(EXERCISE DETAILS): Every line from the one holding "Quinton Kipas Laptop" through the last line of the records must be retyped exactly, and no other line or picture may appear in the copy.

Records drawn from a dataset
============================================================

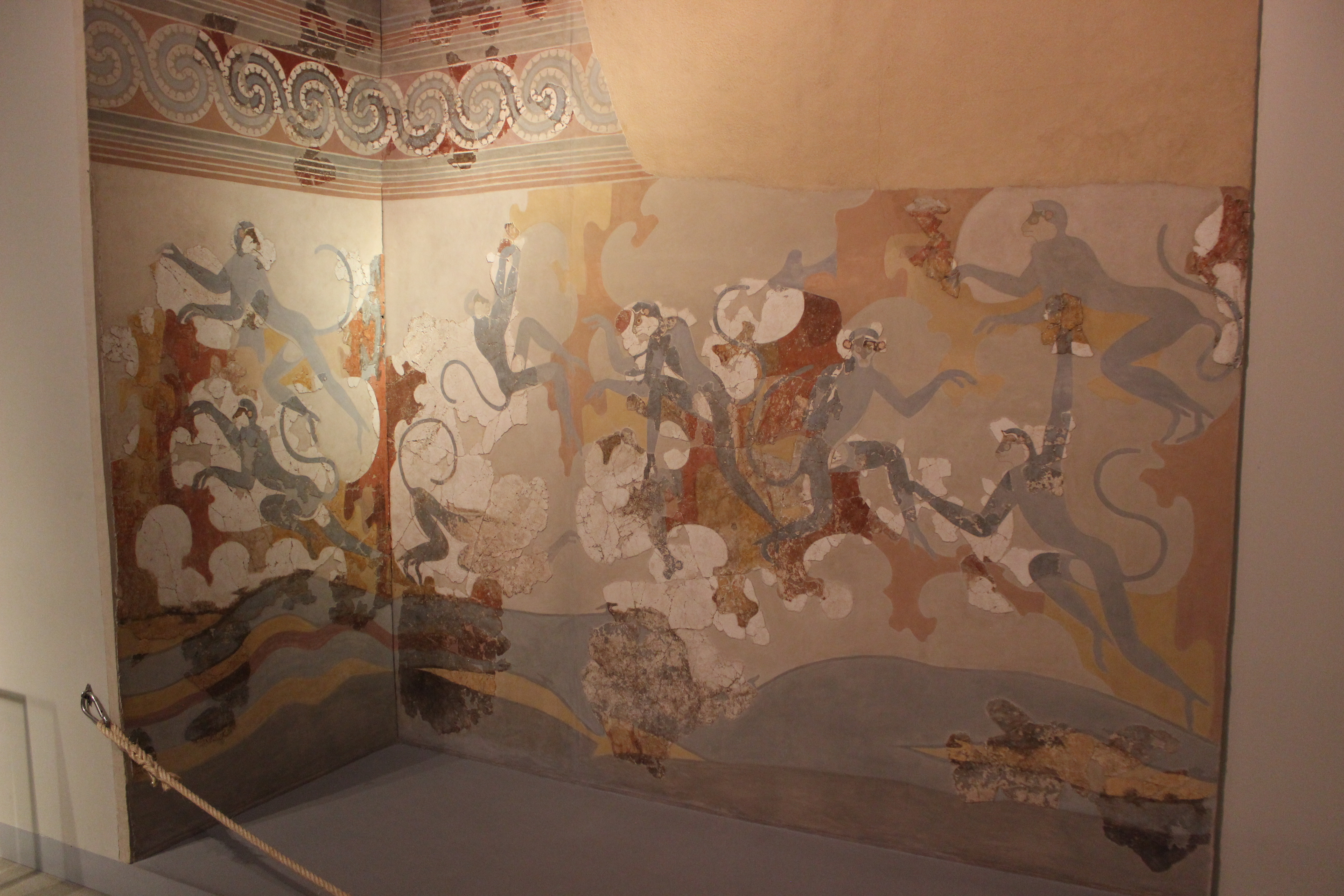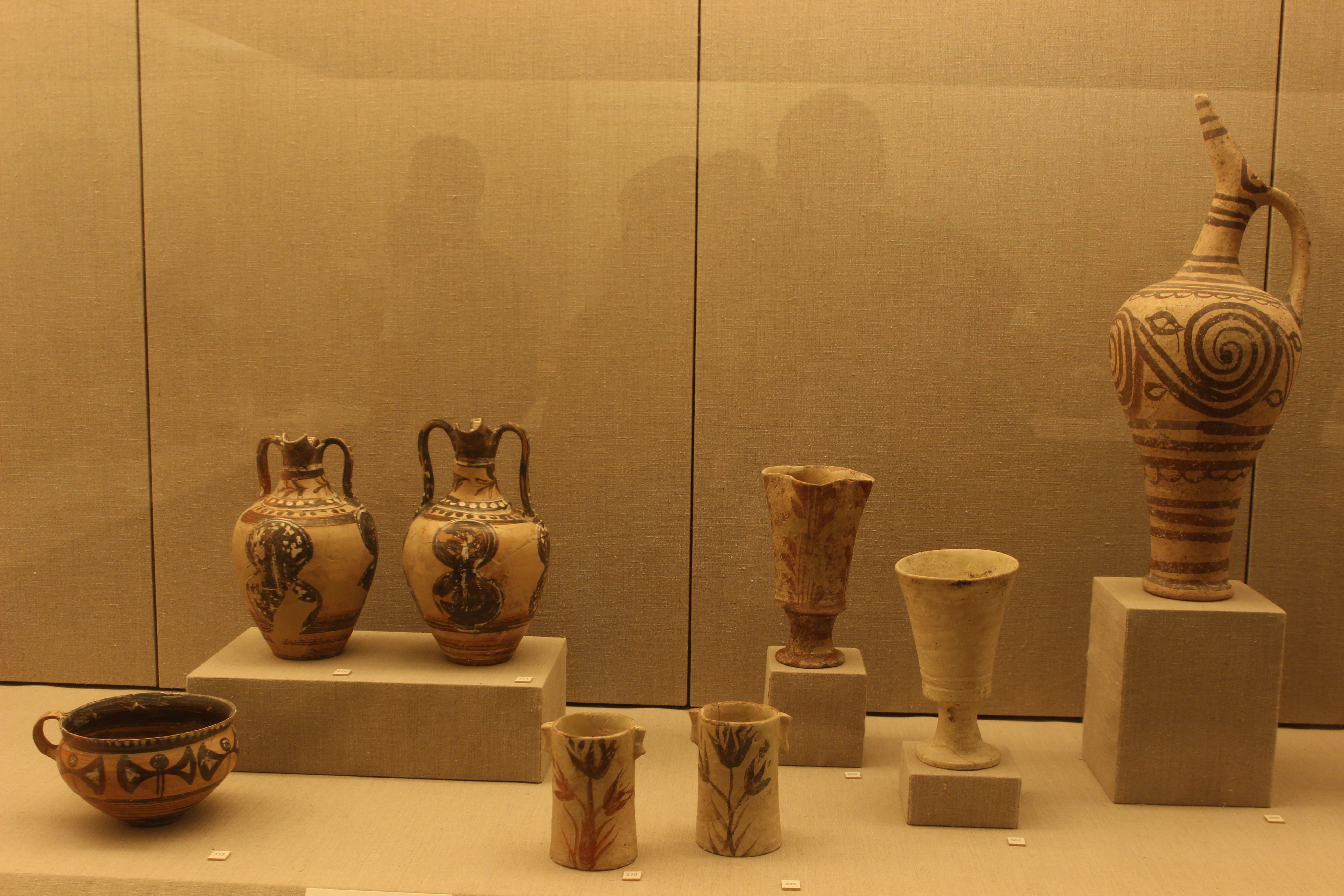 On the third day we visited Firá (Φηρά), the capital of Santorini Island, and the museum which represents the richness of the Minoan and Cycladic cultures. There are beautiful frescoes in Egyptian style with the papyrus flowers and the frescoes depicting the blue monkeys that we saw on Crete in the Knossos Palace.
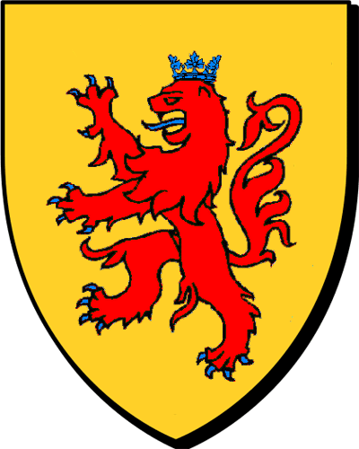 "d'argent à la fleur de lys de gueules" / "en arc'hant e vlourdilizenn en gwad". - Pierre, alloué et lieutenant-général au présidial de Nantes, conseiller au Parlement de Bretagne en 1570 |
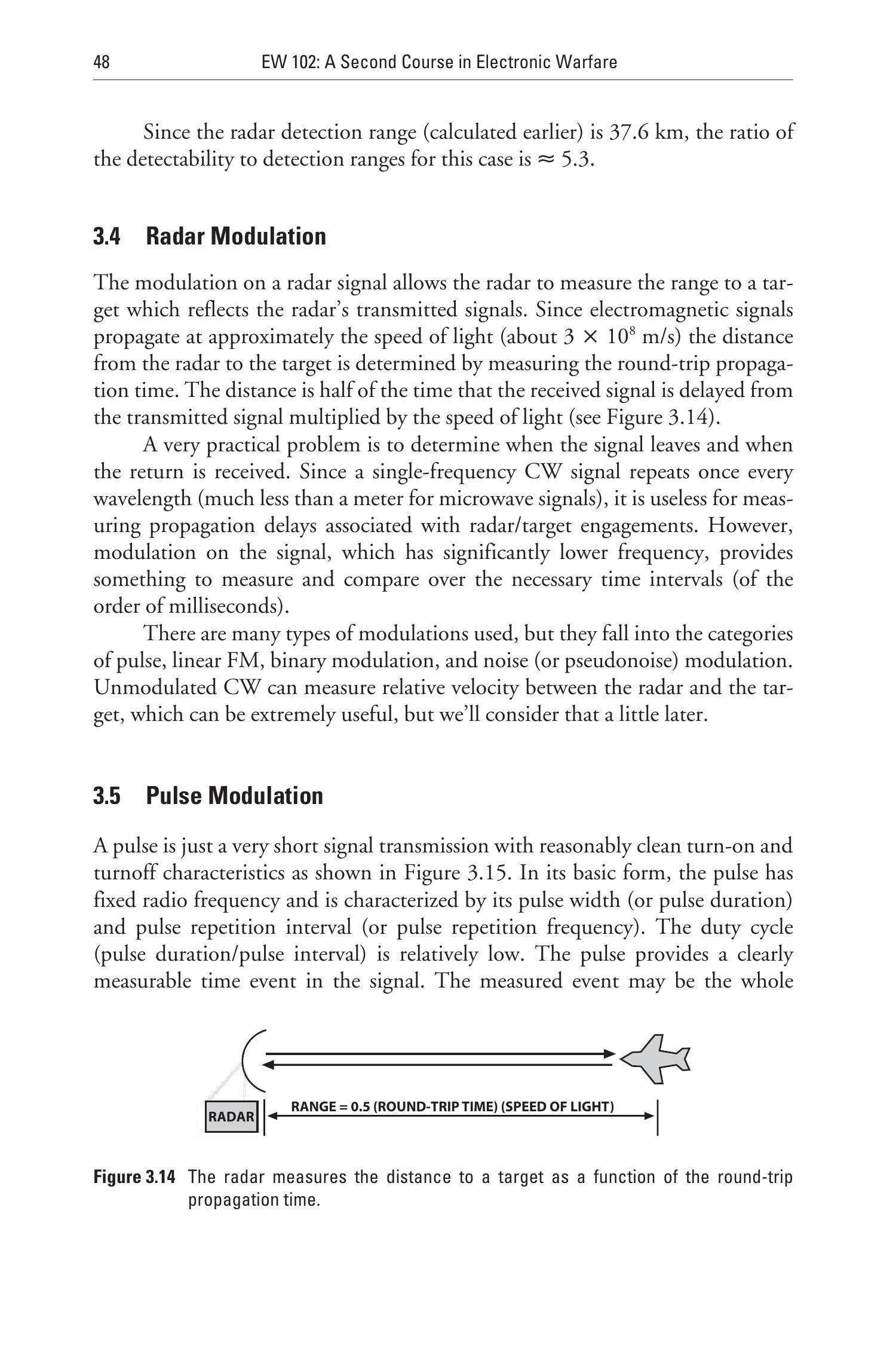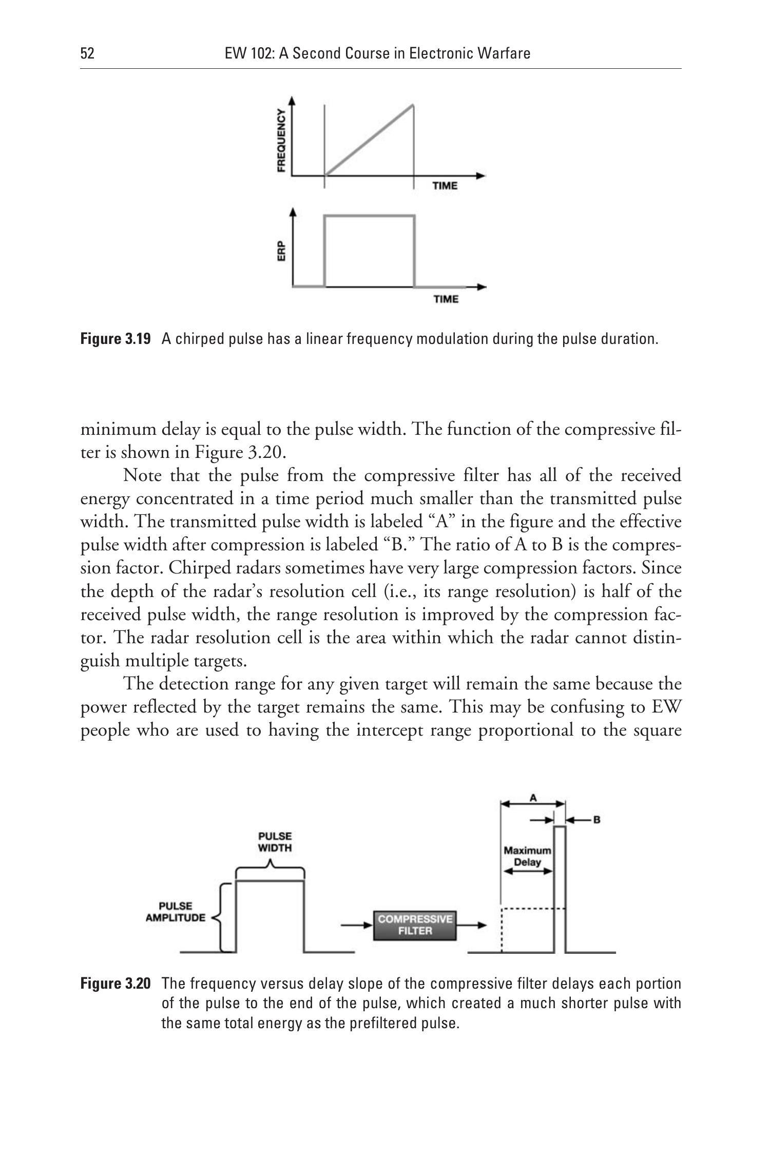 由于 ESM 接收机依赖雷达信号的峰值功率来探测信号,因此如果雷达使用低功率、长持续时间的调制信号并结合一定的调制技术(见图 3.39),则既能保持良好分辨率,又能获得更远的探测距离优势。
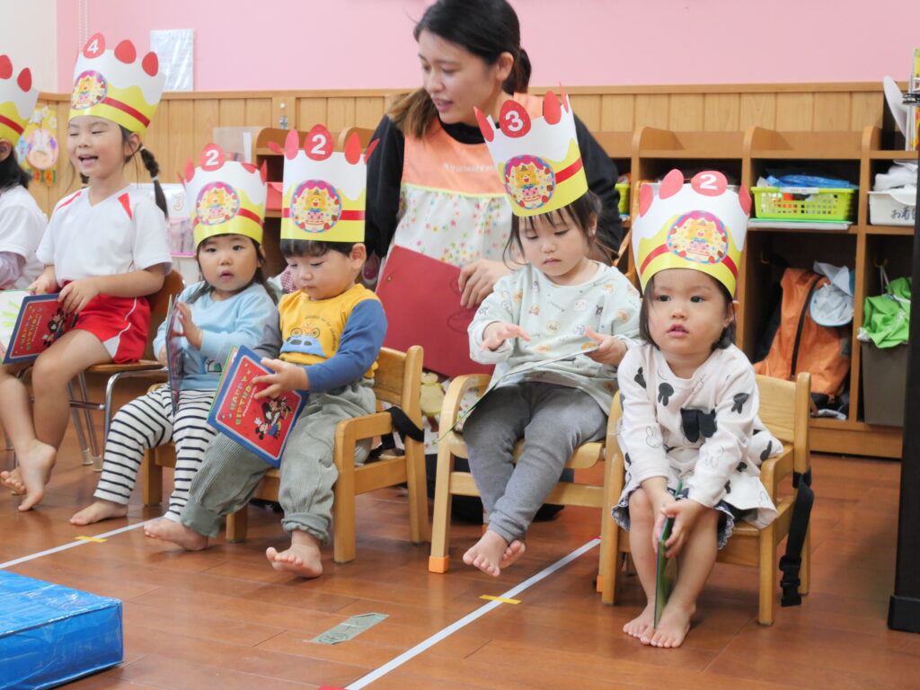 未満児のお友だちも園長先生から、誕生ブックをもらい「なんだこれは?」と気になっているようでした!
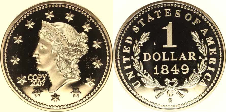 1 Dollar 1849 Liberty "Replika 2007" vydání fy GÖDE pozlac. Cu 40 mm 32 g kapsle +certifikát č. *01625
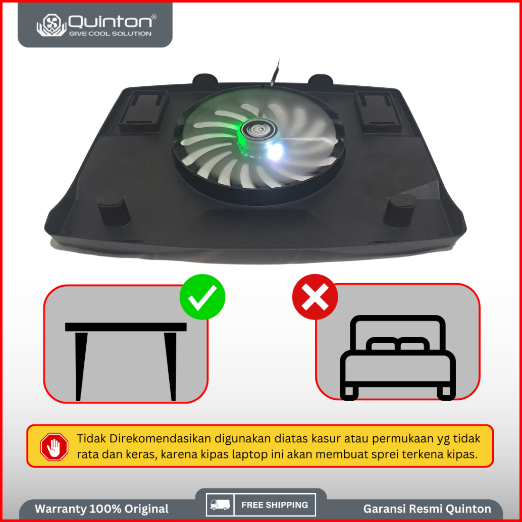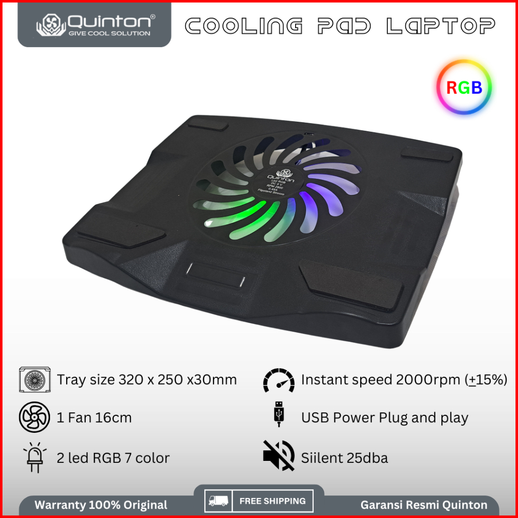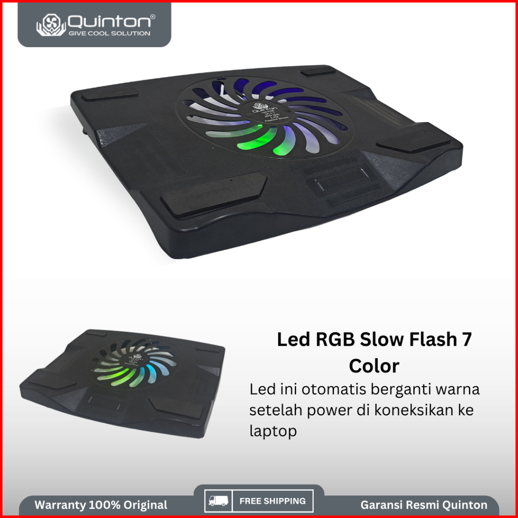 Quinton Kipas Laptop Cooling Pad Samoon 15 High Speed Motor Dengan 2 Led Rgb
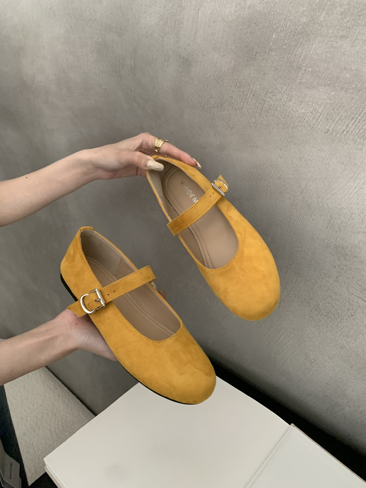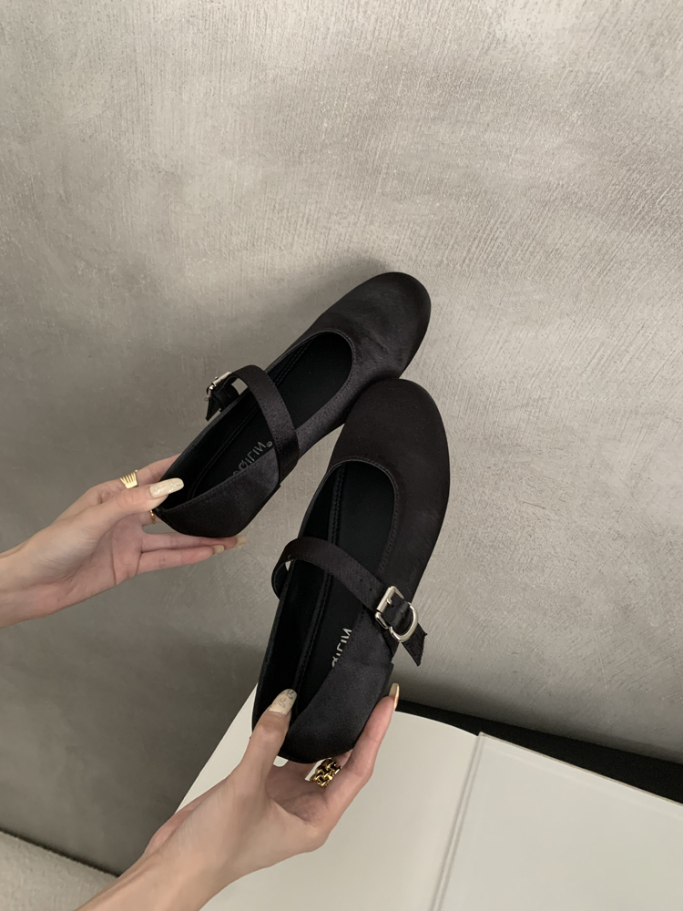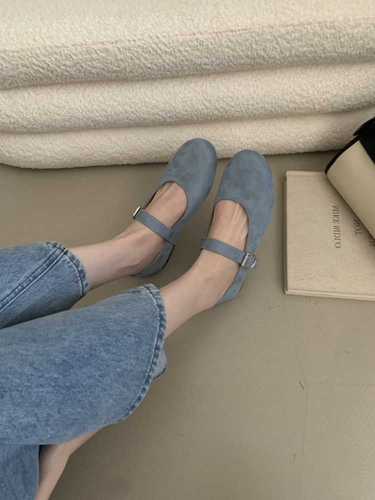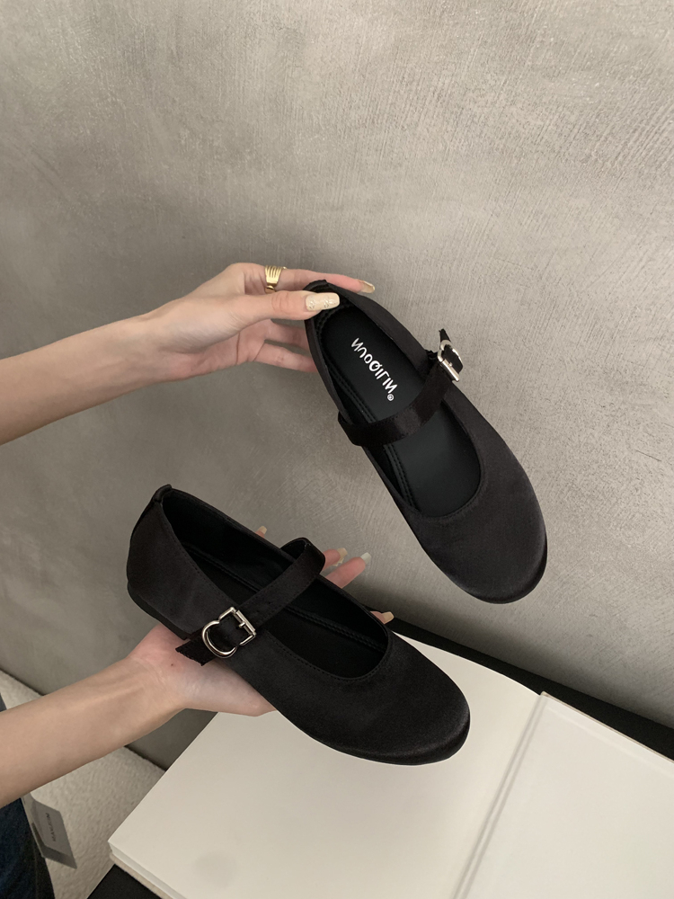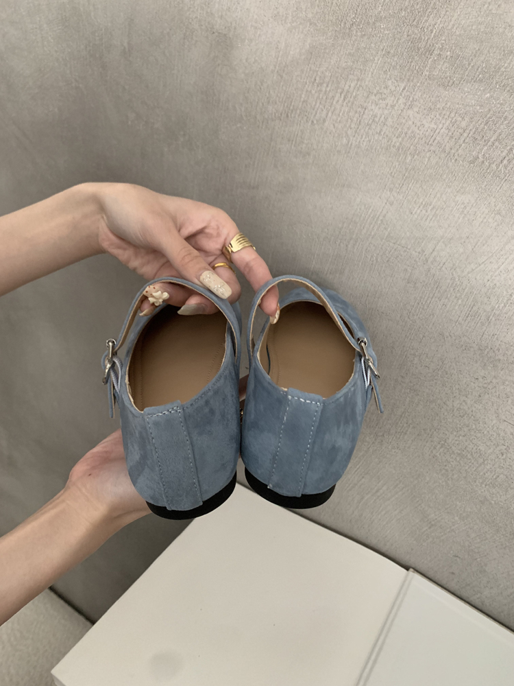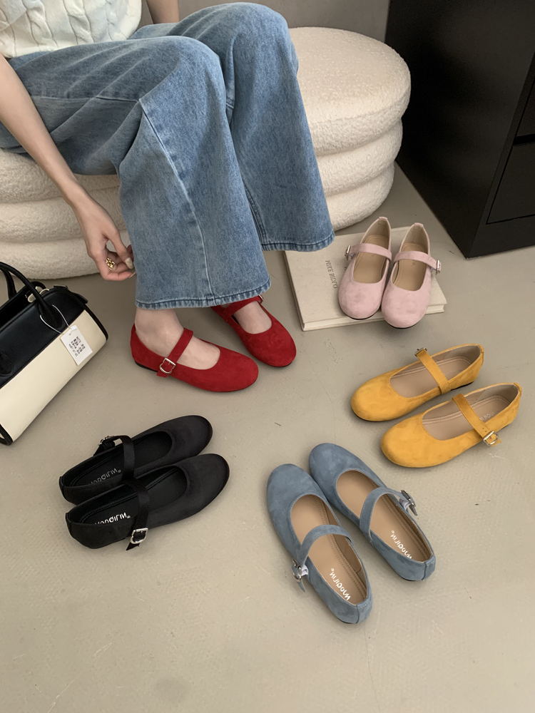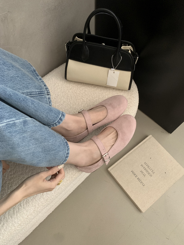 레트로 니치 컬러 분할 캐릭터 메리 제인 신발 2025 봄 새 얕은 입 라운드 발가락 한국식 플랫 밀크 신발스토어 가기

============================================================

(RESULT):
 Quinton Kipas Laptop Cooling Pad Samoon 15 High Speed Motor Dengan 2 Led Rgb
 레트로 니치 컬러 분할 캐릭터 메리 제인 신발 2025 봄 새 얕은 입 라운드 발가락 한국식 플랫 밀크 신발스토어 가기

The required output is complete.